General toxicity: Rats intramuscularly administered Comirnaty (receiving 3 full human doses once weekly, generating relatively higher levels in rats due to body weight differences) demonstrated some injection site oedema and erythema and increases in white blood cells (including basophils and eosinophils) consistent with an inflammatory response as well as vacuolation of portal hepatocytes without evidence of liver injury. All effects were reversible.
Genotoxicity/Carcinogenicity: Neither genotoxicity nor carcinogenicity studies were performed. The components of the vaccine (lipids and mRNA) are not expected to have genotoxic potential.

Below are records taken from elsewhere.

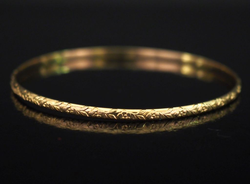 Jonc en or jaune 750, à décor de fleurs et feuillage. Diam. 6,5 cù Poids. 8,75 g (légèrement tordu)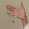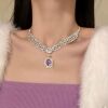 【人间梦露】满钻紫色水滴项链耳钉轻奢气质高级晚礼服锁骨链配饰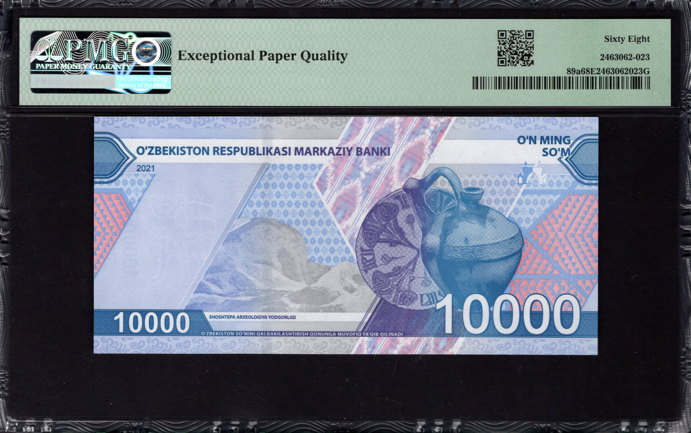 Die Vorderseite der 10.000 Som Banknote wird von einem Bild der Kukeldash Madrasah dominiert, einem wichtigen Bildungs- und spirituellen Zentrum in Taschkent. Das Design nutzt eine harmonische Kombination aus Blau- und Lilatönen und schafft einen visuell ansprechenden Farbverlauf. Zusätzliche dekorative Elemente umgeben das zentrale Bild und zeigen kunstvolle Muster, die das Erbe der usbekischen Kunst widerspiegeln. Sicherheitsmerkmale sind in das Design integriert, einschließlich eines Wasserzeichens und Mikroschrift, um die Authentizität der Banknote zu gewährleisten und dabei die ästhetische Qualität zu erhöhen.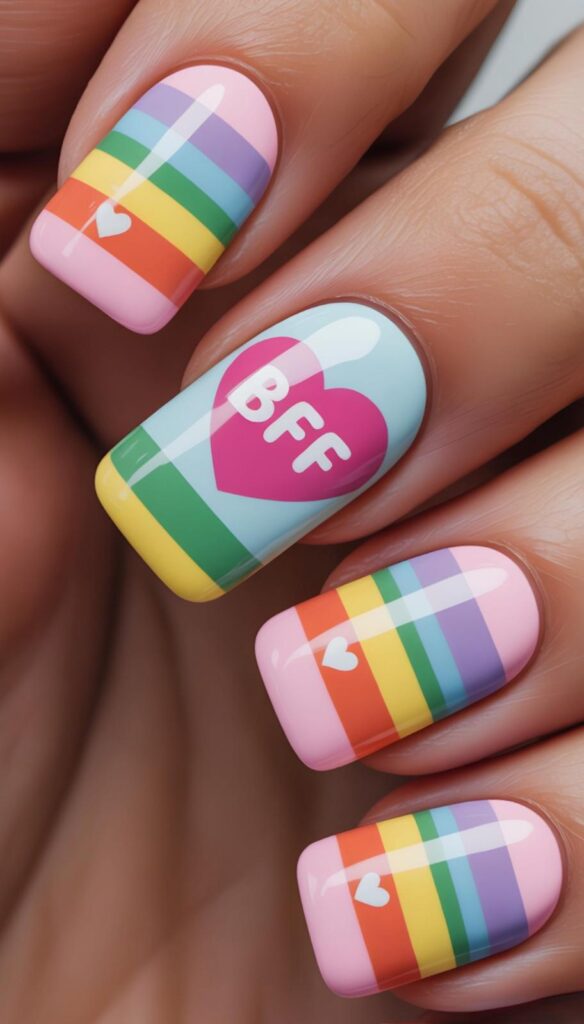 Glossy short squoval nails in vibrant rainbow stripes (red, orange, yellow, green, blue, purple) with a single accent nail featuring a bold pink heart stamped “BFF” — energetic, inclusive, and full of pride-inspired joy. The crisp lines and glossy finish make it pop, while the compact shape ensures comfort for daily life. Love isn’t just romantic—it’s chosen.

Reproductive toxicity: Reproductive and developmental toxicity were investigated in rats in a combined fertility and developmental toxicity study where female rats were intramuscularly administered Comirnaty prior to mating and during gestation (receiving 4 full human doses that generate relatively higher levels in rat due to body weight differences, spanning between pre-mating day 21 and gestational day 20). SARS-CoV-2 neutralising antibody responses were present in maternal animals from prior to mating to the end of the study on postnatal day 21 as well as in foetuses and offspring. There were no vaccine-related effects on female fertility, pregnancy, or embryo-foetal or offspring development. No Comirnaty data are available on vaccine placental transfer or excretion in milk.